Critiques and Suggestions
- The functionality of backpropagation process which can be a positive point of the study is not described enough comparing to the existing methods.
- The main study is on wavelet decomposition while the reason of using Haar as mother wavelet and the number of decomposition levels selection has not been described and are just mentioned as a future study!
- At the beginning, the study mentions that the pooling method is not under attention as it should be. In the end, results show that choosing the pooling method depends on the dataset and they mention trial and test as a reasonable approach to choose the pooling method. In my point of view, the authors have not really been focused on providing a pooling method which can help the current conditions to be improved effectively. At least, trying to extract a better pattern for relating results to the dataset structure could be so helpful.
- Average pooling origins which are mentioned as the main pooling algorithm to compare with, is not even referenced in the introduction.
- Combination of the wavelet, Max and Average pooling can be an interesting option to investigate more on this topic; both in a row(Max/Avg after wavelet pooling) and combined like mix pooling option.
- While the current datasets express the performance of the proposed method in an appropriate way, it could be a good idea to evaluate the method using some larger datasets. Maybe it helps to understand whether the size of a dataset can affect the overfitting behavior of max pooling which is mentioned in the paper.
- Adding asymptotic notations to the computational complexity of the proposed algorithm would be meaningful, particularly since the given results are for a single/fixed input size (one image in forward propagation) and consequently are not generalizable.

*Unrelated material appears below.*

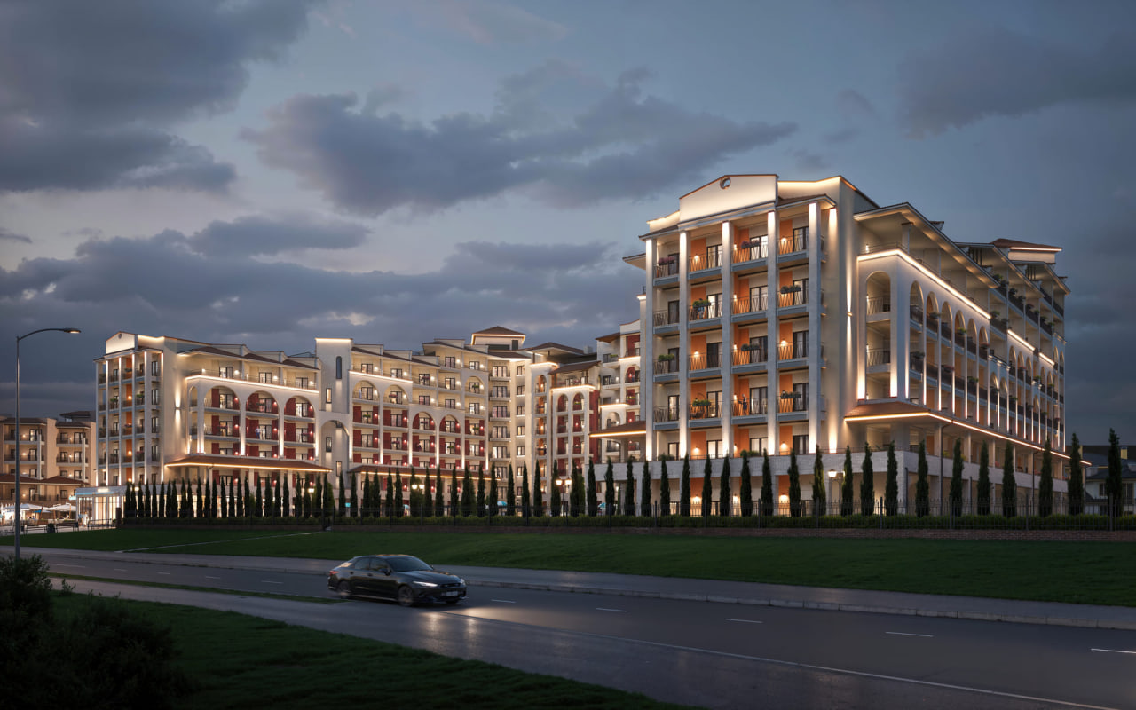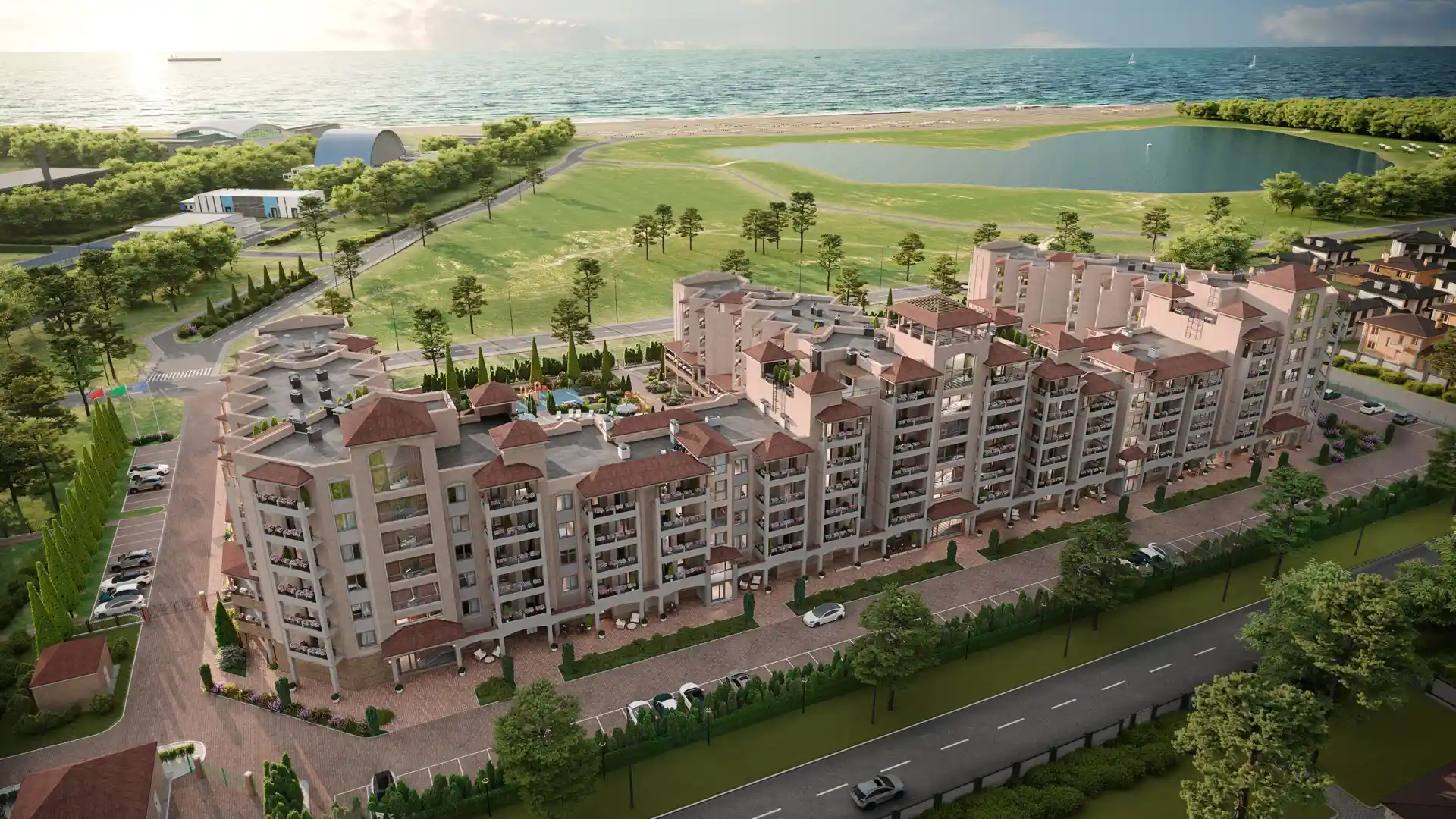 Проект реализуется в несколько этапов и включает в себя 12 жилых домов, 2 апартаментных комплекса, многоуровневые паркинги и торговые галереи. Для будущих жителей создается вся необходимая инфраструктура: современная школа «XXI века», детский сад, спортивный комплекс, благоустроенная набережная и детские игровые зоны. Квартиры сдаются в предчистовой отделке, и каждая из них имеет вид на море.

- They could have considered comparing against Fast Fourier Transform (FFT). Including a non wavelet form seems to be an obvious candidate for comparison
- If they went beyond the 2x2 pooling window this would have further supported their method
- ([[1]]) The experiments are largely conducted with very small scale datasets. As a result, I am not sure if they are representative enough to show the performance difference between different pooling methods.

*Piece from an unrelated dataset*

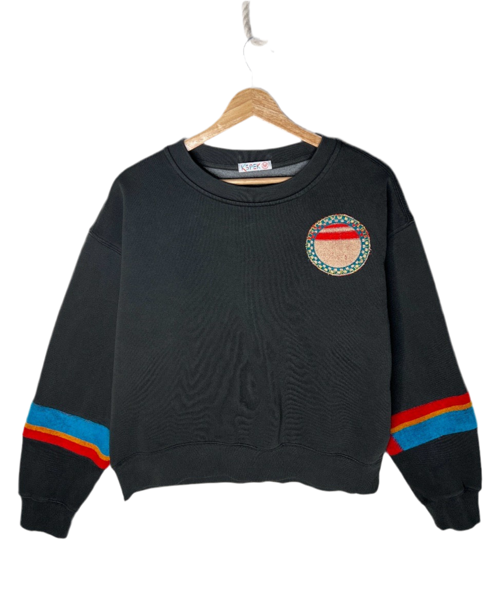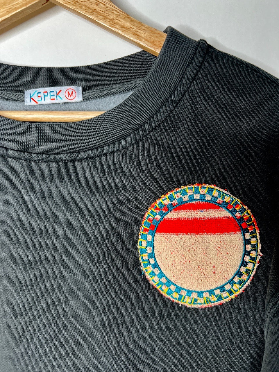 The Tide Check Sweatshirt is a cozy, classic sweatshirt featuring a repurposed vintage beach towel bands at the sleeves and embroidered checkered design framing a circle patch at the chest. Each piece is truly one-of-a-kind, making it as unique as the person wearing it.
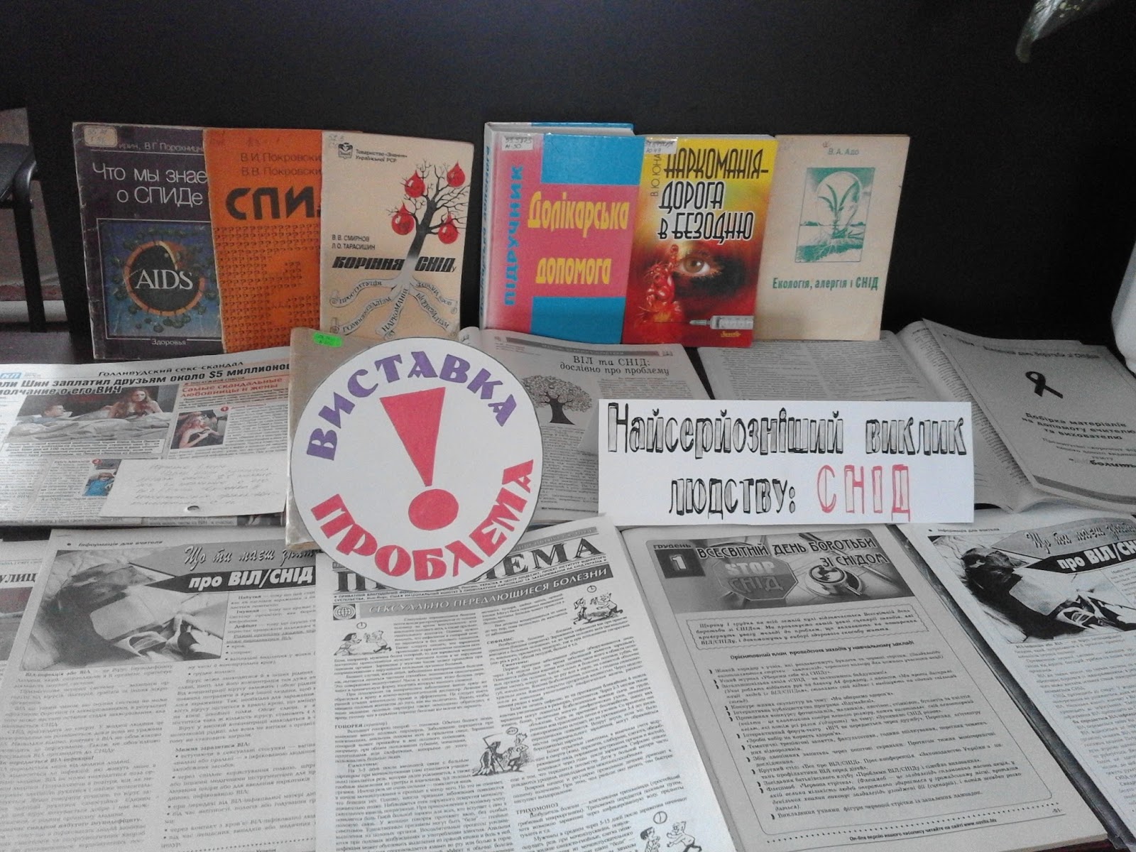Користувачі бібліотеки переглянули книжкову виставку-проблему «Найсерйозніший виклик людству:СНІД». Для учнівської молоді проведено захід, аукціон думок «СНІД не для мене. Це вибір не мій» Захід пройшов у формі діалогу. Учні ділилися своїми знаннями та думками, відповідали на запитання ведучої О. Мартус.

- ([[2]]) No comparison to non-wavelet methods. For example, one obvious comparison would have been to look at using a DCT or FFT transform where the output would discard high-frequency components (this can get very close to the wavelet idea!).
References
Williams, Travis, and Robert Li. "Wavelet Pooling for Convolutional Neural Networks." (2018).
Hilton, Michael L., Björn D. Jawerth, and Ayan Sengupta. "Compressing still and moving images with wavelets." Multimedia systems 2.5 (1994): 218-227.
Revisions
- Two reviewers really liked the paper and one of them called it in the top 15% papers in the conference which supports the novelty and potential of the idea. One other reviewer, however, believed that this was not good enough to be accepted and the main reason for rejection was the linearity nature of wavelet(which was not convincingly described).
- The main concern of two of the reviewers has been the size of the datasets that have been used to test the method and the authors have mentioned future works concerning bigger datasets to test the method.
- The computational cost section had not been included in the paper initially and was added after one of the reviewer's concern. So, the other reviewers have not been curious about this and unfortunately, there is no comment on that from them. However, the description on the non-efficient implementation seemed to be satisfactory to the reviewer which resulted in being accepted.
At the end, if you are interested in implementing the method, they are willing to share their code but after making it efficient. So, maybe there will be another paper regarding less computational cost on larger datasets with a publishable code.